Before the laboratory test, all the samples were cut into cylinders of 76.2 mm in diameter and 25 mm in height using a cutting ring as required by the GDS consolidation cell. Then, they were saturated with distilled water using a vacuum method to facilitate the withdrawal and recharge tests.

Taking Sample 5 as an example, the test design is described in Fig 5, and the detailed procedure is listed in Table 2. For each sample, the original overlying stress and pore water pressure are first imposed to make the deformation of the soil samples stable under the original stress conditions. Then, the pore water pressures are decreased to simulate the withdrawal process. There is a total of four designed pressure-reduction stages: 0–100 kPa, 100–200 kPa, 200–400 kPa and 400–600 kPa; the water head therefore decreases by 10 m, 20 m, 40 m and 60 m progressively.

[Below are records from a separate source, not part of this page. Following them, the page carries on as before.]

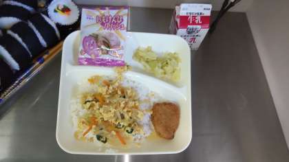 今日の給食は、カツ丼、牛乳、キャベツの梅風味、いもけんぴフィッシュです。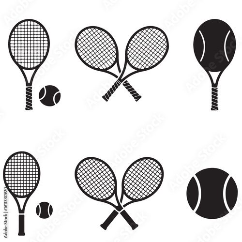 SET OF BLACK VARIOUS single Tennis racket and ball, two crossed rackets and tennis ball icon SILHOUETTES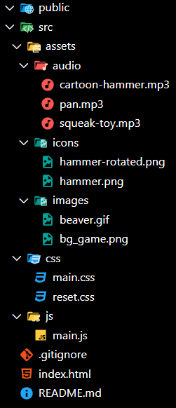 De waarde zal ervoor zorgen, als we straks de functionaliteit doen, dat als de bever wordt aangeklikt deze ook verdwijnt.In de CSS kan je zien dat er een lijn code staat voor "background-image: url("../assets/images/beaver.gif");". Als je wil mag je deze lijn code vervangen door een eigen foto of gif. Let wel op dat het pad klopt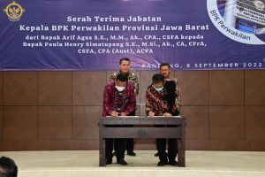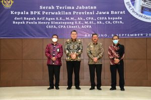 BANDUNG,- Bupati Kuningan H. Acep Purnama SH.,MH menghadiri Serah Terima Jabatan Kepala Perwakilan. Jabatan Kepala BPK Perwakilan Provinsi Jawa Barat, bertempat di Auditorium Lantai 5 Kantor BPK Perwakilan Provinsi Jawa Barat, Kamis (8/9/2022). Telah dilaksanakan Serah Terima Jabatan Kepala Perwakilan. Jabatan Kepala BPK Perwakilan Provinsi Jawa Barat tersebut beralih dari Arif Agus S.E., M.M., Ak., CPA., CSFA. kepada Paula Henry Simatupang S.E., M. Si., Ak., CA., CFrA., CSFA., CPA (Aust), ACPA. Sebelumnya, Paula Henry merupakan Kepala BPK Perwakilan Provinsi Sulawesi Selatan. Sementara, Arif Agus akan berpindah tugas dan menjabat sebagai Kepala BPK Perwakilan Provinsi Sumatera Barat.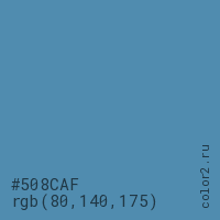 Цвет #508CAF в цветовой модели RGB обозначается тремя октетами (80, 140, 175) в десятичном формате и #508CAF в шестнадцатиричном (hex) формате, которые являются интенсивностью красного 80 (hex 50), интенсивность зелёного 140 (hex 8C) и интенсивность синего 175 (hex AF).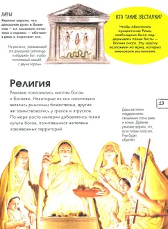 На страницах этой энциклопедии история Древнего Рима предстанет перед читателями в мельчайших деталях: ваш ребёнок узнает об архитектуре и искусстве, о государственном устройстве и военном деле великой империи. Какие причёски носили знатные римлянки? Чем интересовались горожане? В каких богов верили? Как устраивали свой быт?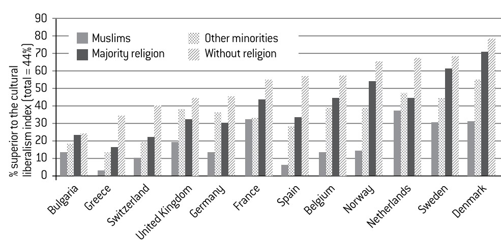 Their views on this regard are nevertheless noticeably different to those held by the rest of the population. This can be verified by devising a synthetic index on cultural liberalism. The index has been created by combining all the responses to the three questions relating to morals (Graph 21). The singularity of the Muslims is even more apparent since, in many countries, the attitudes shown by other religions towards cultural liberalism tend to more closely resemble those shown by non-believers. In this sense, Muslims are relatively isolated in their defence of traditional values. It is worth noting as an aside that France’s Muslims are among Europe’s most morally liberal.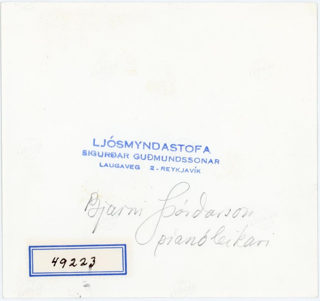 Bjarni Þórðarson, píanóleikari og stórkaupmaður í Reykjavík.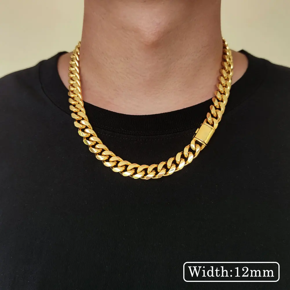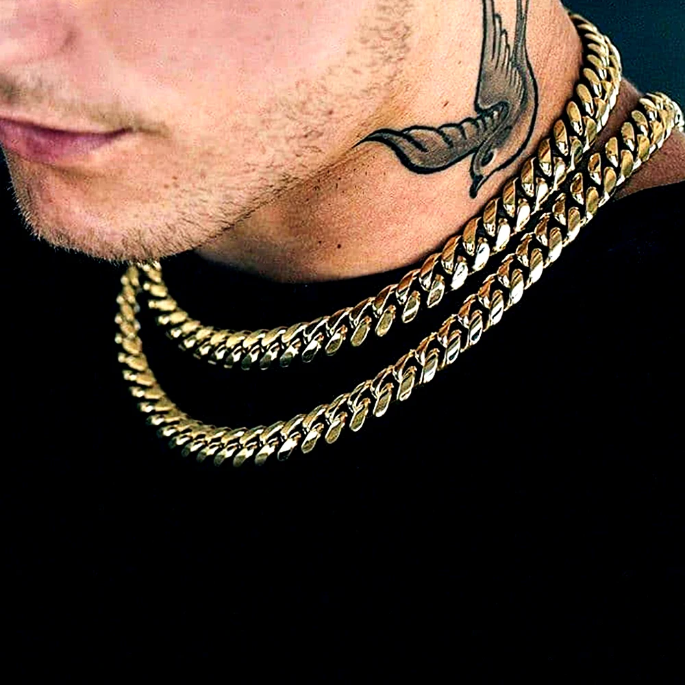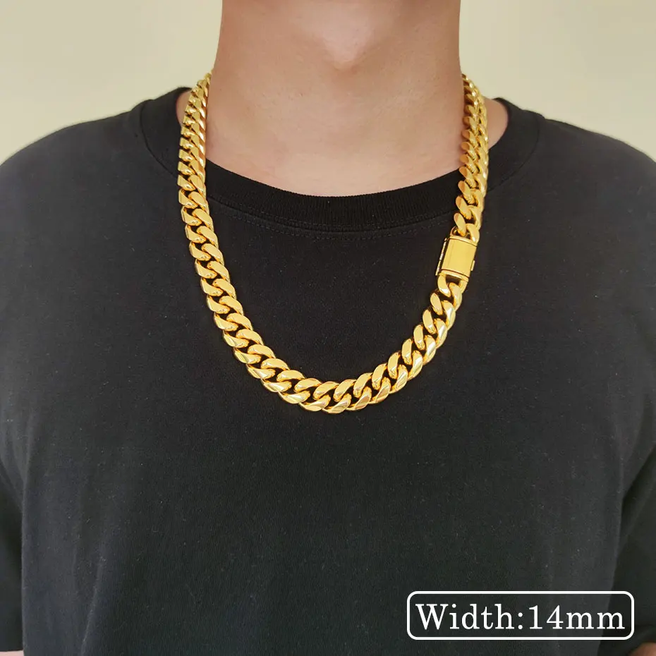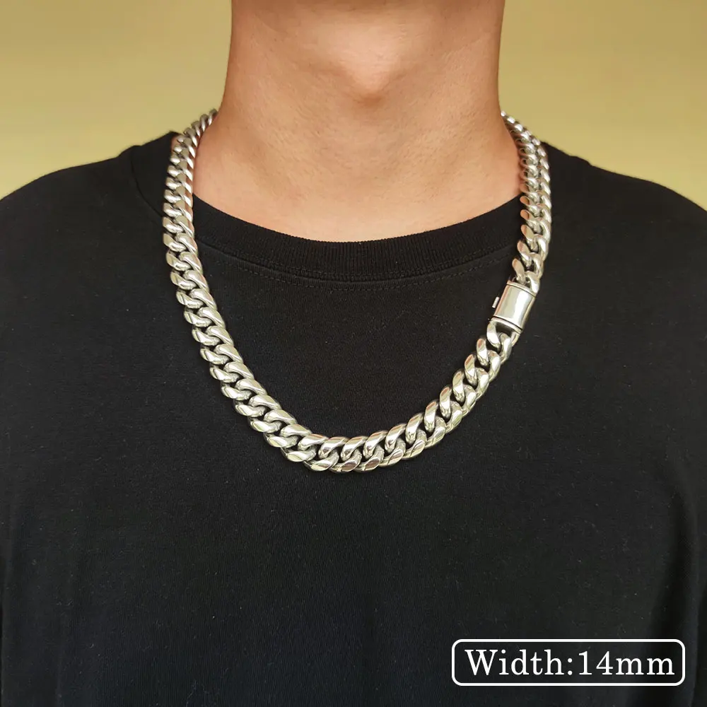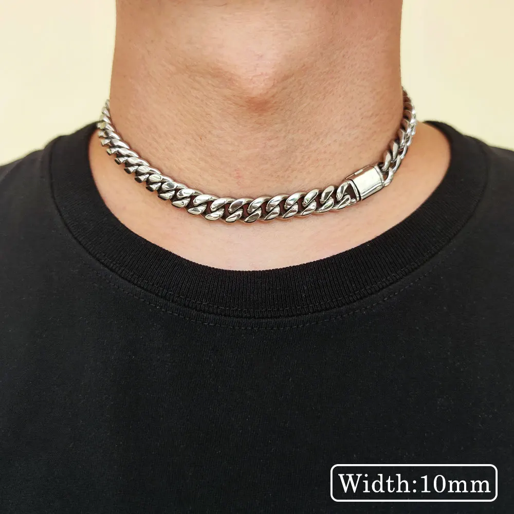 Hip Hop Jewelry 8mm/10mm/12mm/14mm Men’s Necklaces Chain Cool Cuban Link Chain Gift for Men Boys and Girls

Notably, shallow soil samples may experience only one or two reduction stages due to their low pore water pressures. The reduction rate is designed to be 100 kPa/d for each stage. When the depressurizing process in each stage is finished, the samples are left for approximately 24 hours to allow any further deformation. After the end of Stage 4, the pore water pressure is gradually increased to the original value at a rate of 200 kPa/d to simulate the recharge process. The detailed test design for each sample is listed in Table 3.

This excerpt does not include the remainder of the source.